Bail and Release from Custody (Scotland) Bill: Stage 2

Meeting date: 10 May 2023

Katy Clark

I am grateful for the opportunity to make a short contribution.

I will not be pressing Collette Stevenson’s amendment to the vote, but if it is pressed to the vote, I will support it. I think that the proposal from the Scottish Government is too restrictive and too prohibitive, and it goes way beyond the general concept that there might be circumstances in which the court has the discretion to take into account periods spent on electronic monitoring. I will touch on that point in relation to the amendment that we will debate next week, which I lodged as an alternative. That would involve the deletion of section 5 and the insertion of an alternative, whereby periods on electronic bail could be taken into account by the court.

The fundamental point is that electronic monitoring is not a sentence; it is a bail restriction in circumstances in which there is a risk that the accused poses a public safety threat or a threat to the victim. In the same way that a curfew or a condition that the accused must not approach the complainer is used, electronic monitoring is used only in situations where there are genuine risks. We must be really clear about the fact that that is the way in which it is used.

However, if that restriction is so great, there is an argument that compliance with electronic monitoring, or failure to comply, might be something that the court would take into account in sentencing. I believe that the courts already take into account such considerations. Whether someone has adhered to a curfew, electronic monitoring or other bail conditions can be facts that the court has the discretion to take into account. The problem with the Government’s wording is the highly restrictive way in which the provision has been drafted. We will undoubtedly continue that discussion next week, but I support Collette Stevenson’s amendment 67.

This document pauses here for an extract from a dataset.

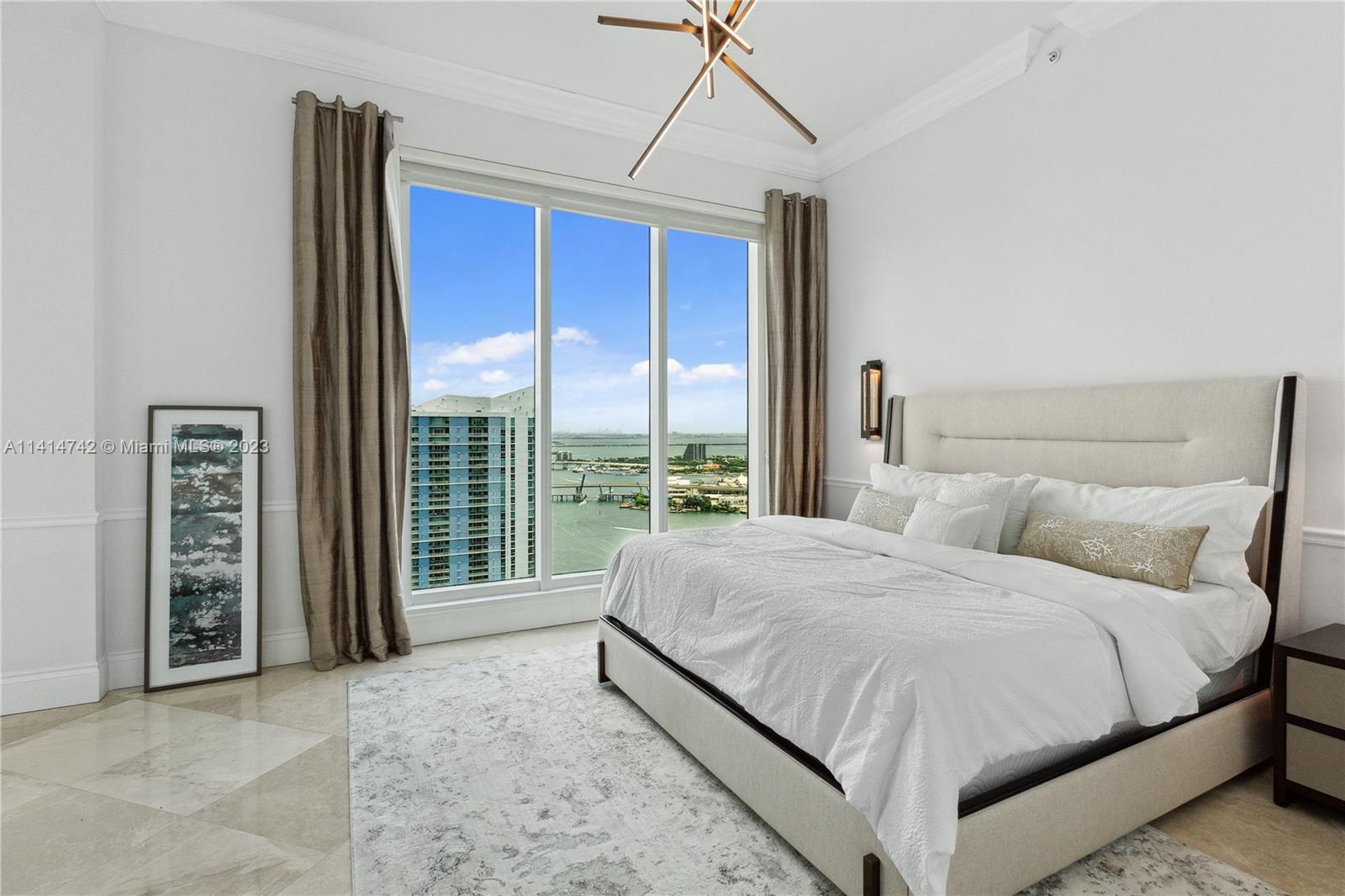 BEST PRICED 2 Bedroom at Asia, Brickell Key's top building. This is the HIGHEST 02 line in the building just below the Penthouse and comes fully furnished. 12 foot ceilings oversized balcony with the BEST views of Miami. Split floorplan with 2 oversized bedrooms with walk in closets. Master bath w/ Double sinks, Jacuzzi, Marble shower. Unit includes Gourmet Kitchen w/ Sub-zero & Miele appliances, upgraded Lighting throughout, beautiful crown molding, added interior storage room, & upgraded washer/dryer. The unit comes with 2 Parking Spaces, Private Fingerprint Elevator to the unit's Foyer & stunning views of the Bay/Miami River/Port/Ocean & Downtown. Enjoy the relaxing island living with the 5 Star Mandarin Oriental, Restaurants, but still be walking distance to Miami's urban core.

Criminal Justice Committee

Bail and Release from Custody (Scotland) Bill: Stage 2

Meeting date: 10 May 2023

Katy Clark

My amendments in the group, which is on entitlement to bail, relate to three areas: the public safety test; the fear of flight; and, in amendments 35 and 36, alternative approaches to address issues that Victim Support Scotland raised on these provisions.

Amendment 55, which is a probing amendment, seeks to remove the new public safety test for bail so that the law reverts to the current public interest test. As I have indicated, Pauline McNeill and I have been involved in a number of meetings with defence agents and other practitioners—including, on occasion, sheriffs—in relation to the drafting of the bill, and the view of many whom we have met is that what I have proposed is the preferred approach due to uncertainty around how the new provisions will be interpreted by the court.

On a number of occasions, fear has been expressed that the lack of certainty in relation to the definition of the public safety test is likely to lead to appeals. Even if, at the end of the day, the outcomes are the same as they are under current bail law, such uncertainty is not in the interests of justice or of victims, and, indeed, the arguments that will have to be presented in the courts over interpretation of the legislation will come at a cost to the public purse.

10:15  

My lead amendment would remove the public safety test. I am looking for the cabinet secretary to outline why the Government is proposing the change so that we can get an understanding of how it believes that it will impact on bail decisions in the courts, particularly given that Lord Carloway’s submission to the Scottish Government was that, although the measure would add bureaucracy and place more onerous requirements on the courts, outcomes would not be changed. I am looking for the cabinet secretary to give an explanation of the kinds of cases in which she expects that, if the bill were to be enforced, bail would be allowed where it would not be allowed at the moment and, similarly, situations in which individuals would be remanded under the measure when they are currently not.

Amendment 31 would enable the court to have discretion to take into account electronic monitoring or other specific conditions or requirements to which the accused was subject. That issue was discussed in the committee. The approach that the Scottish Government proposes is that, where an individual has been subjected to electronic monitoring, it will be compulsory for the court to take that into account, and every two days of electronic monitoring will be counted as one day in custody.

The approach that I outline in amendment 31 would enable the court to have discretion to take into account any period of electronic monitoring or, indeed, any other specific conditions and whether the accused has complied with the conditions to which they have been subject. That would mean that the court would have the discretion on occasion to reduce a sentence—for example, if there was evidence to suggest that the person had complied with the conditions of curfew or electronic monitoring—but it would not be obliged to do that. Similarly, it would enable the court to increase the sentence if an individual had not co-operated with the special conditions that were placed on them. It could be that they had not co-operated with electronic monitoring, a curfew or another condition that the court had presented—for example, if they had made attempts to contact or approach the complainer. The reason why I have lodged the amendment is to enable the court to have a far broader range of responses and to take account of specific facts that are presented.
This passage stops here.